** Task material **
┌──

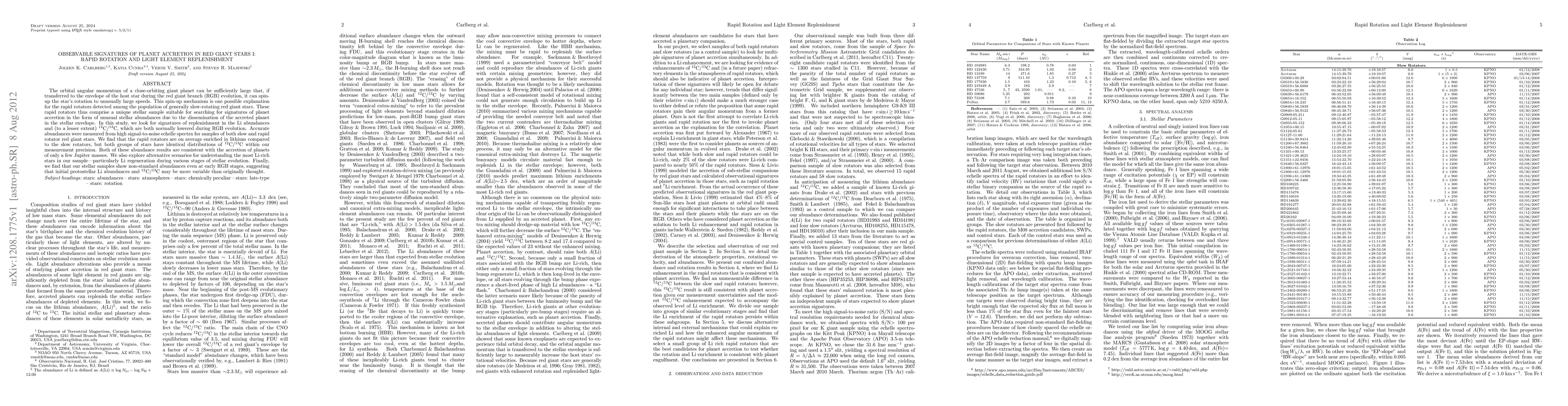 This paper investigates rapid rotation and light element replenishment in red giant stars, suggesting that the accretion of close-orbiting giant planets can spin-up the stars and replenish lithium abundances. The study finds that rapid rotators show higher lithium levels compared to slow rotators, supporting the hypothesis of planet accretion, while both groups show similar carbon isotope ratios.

└──
┌──

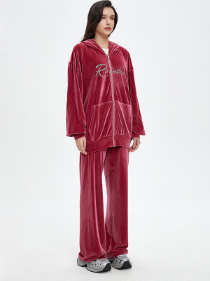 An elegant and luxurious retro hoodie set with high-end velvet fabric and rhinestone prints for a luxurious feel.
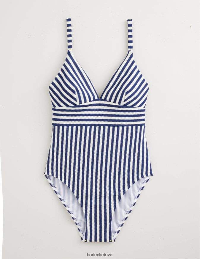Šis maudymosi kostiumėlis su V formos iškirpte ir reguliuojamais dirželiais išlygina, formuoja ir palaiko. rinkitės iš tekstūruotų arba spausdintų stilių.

└──

** Try it **
For this exercise, transcribe exactly the part of the records above that opens with the line containing "An elegant and" and closes with the one containing "Šis maudymosi kostiumėlis". Pictures are not part of the copy.

** Solution to this task **
 An elegant and luxurious retro hoodie set with high-end velvet fabric and rhinestone prints for a luxurious feel.
Šis maudymosi kostiumėlis su V formos iškirpte ir reguliuojamais dirželiais išlygina, formuoja ir palaiko. rinkitės iš tekstūruotų arba spausdintų stilių.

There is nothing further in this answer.